Even before the coronavirus pandemic, the Indian banking system was struggling through low credit offtake despite multiple rate cuts by the Reserve bank of India. The wound deepened after the nationwide lockdown as the credit offtake further slowed down. Credit growth of the scheduled commercial banks, which had considerably weakened during the first half of 2019-20, slid down further to 5.9 per cent by March 2020 and remained muted up to early June 2020, said the RBI’s Financial Stability Report.

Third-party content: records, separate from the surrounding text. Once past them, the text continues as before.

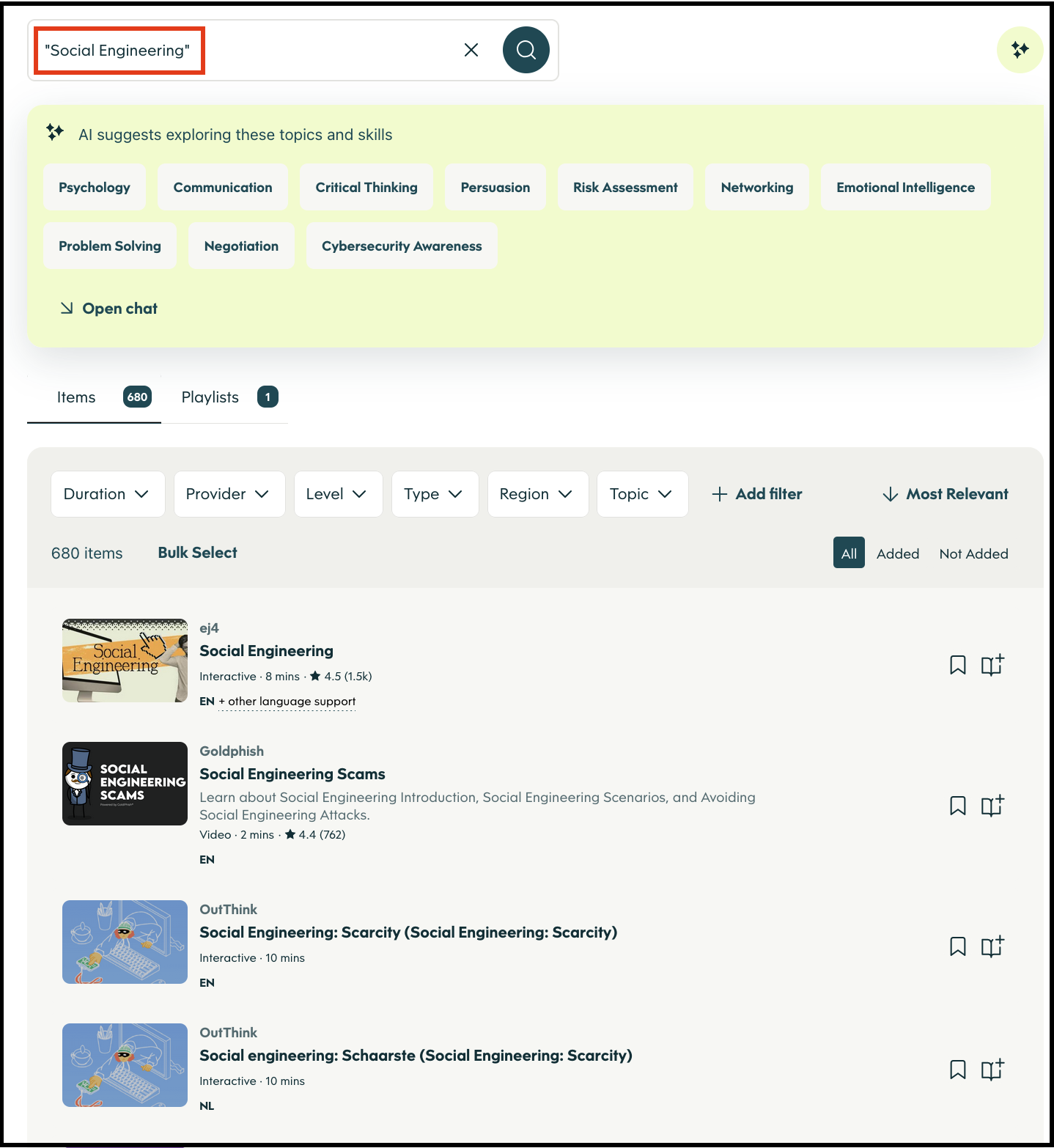 After performing a search, the filter will automatically change to Most Relevant, where Go1’s algorithm highlights the courses most relevant to your search.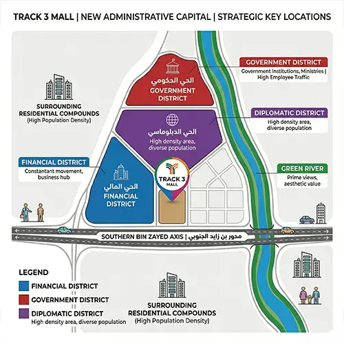 يمثل وقوع مول تراك 3 العاصمة الإدارية track 3 mall في R3 الواقعة في قلب العاصمة الإدارية الجديدة أهم ميزة تنافسية يتمتع بهاالمشروع،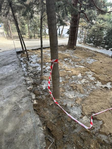 Bundan başqa tikintini aparanlar 500 kvadratmetrlik yaşıllıq ərazisini məhv edərək həmin yerə beton töküblər, 200 kvadratmetrə yaxın qazon örtüyünü isə qazıb yerindən götürərək özləri üçün parklanma yeri düzəldiblər. Həmçinin digər çoxillik şam ağaclarının dibinə sementlə qarışdırılmış suyu axıdıblar ki, ağaclar süni şəkildə qurusunlar.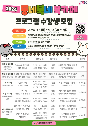 ‘2024년 동네북네 북카페 프로그램’은 관내 북카페 5개소(홍도동, 용운동, 대동, 효동, 가양1동)에서 9월 21일부터 11월 27일까지 운영될 예정이며, 동구 평생학습과 홈페이지 또는 전화로 신청이 가능하다. 수강료는 무료(재료비 별도)이다.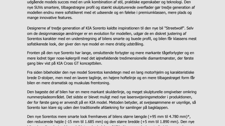 Designerne af tredje generation af KIA Sorento kaldte inspirationen til den nye bil "Streetwolf". Selv om de designmæssige ændringer er en evolution for modellen, udgør de en diskret justering af Sorentos karakter med en understregning af bilens smarte og buede profil, og bilen får klassens mest sofistikerede look, der giver den nye model en mere dristig udstråling.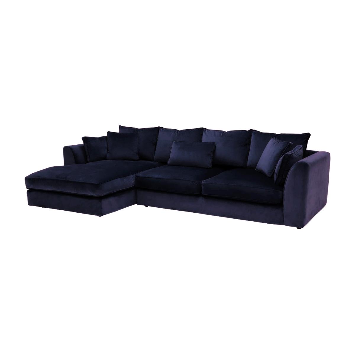 Harrington Large Left Hand Facing Chaise Sofa, Plush Indigo The striking Harrington Large Left Hand Chaise Sofa is a fantastic addition to a home looking for something a little different. Upholstered in Plush Indigo, this corner sofa features a contempora Harrington Large Left Hand Facing Chaise 4 Seater Sofa, Purple Fabric | Barker & Stonehouse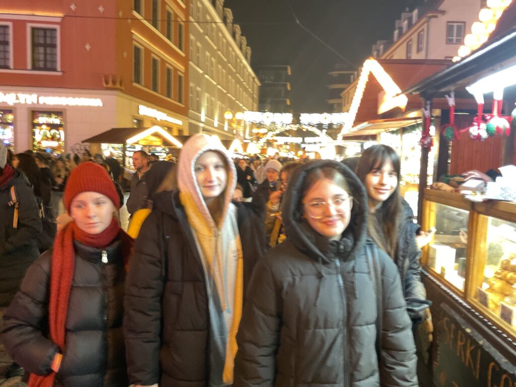 Po wizycie w Hydropolis wróciliśmy na Rynek, gdzie uczniowie mieli czas na zakup pamiątek i zanurzenie się w niezwykłej atmosferze Wrocławskiego Jarmarku Bożonarodzeniowego.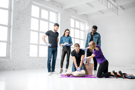 Group of young people practising to make artificial breathing with instructor and medical dummies during the first aid training indoors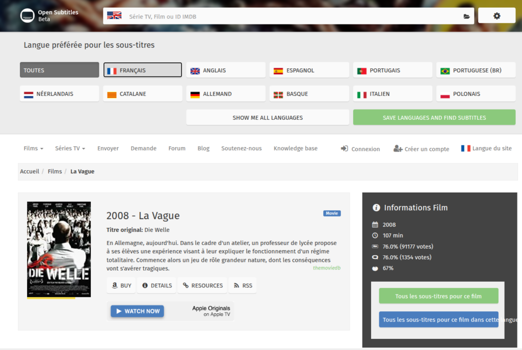 - Un catalogue immense : Vous y trouverez des sous-titres dans des dizaines de langues. C’est idéal pour différencier votre pédagogie (proposer de l’allemand aux élèves avancés et du français aux plus fragiles).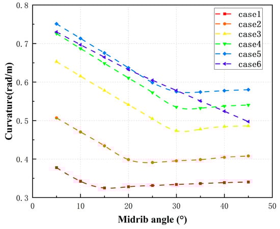 Curvature distribution along the cable length with the hanging angle of 45°.

Consequently, the MSME sector is affected because of a lack of cash flows. Low demand, lack of manpower, stuck working capital, and lack of capital may lead to further stress on employment. Potential margin compression in corporate bonds was also seen as increasing leverage, leading to a negative impact on credit metrics and consequent rating downgrade that can result in difficulties for refinancing of loans and raising capital, the RBI FSR added.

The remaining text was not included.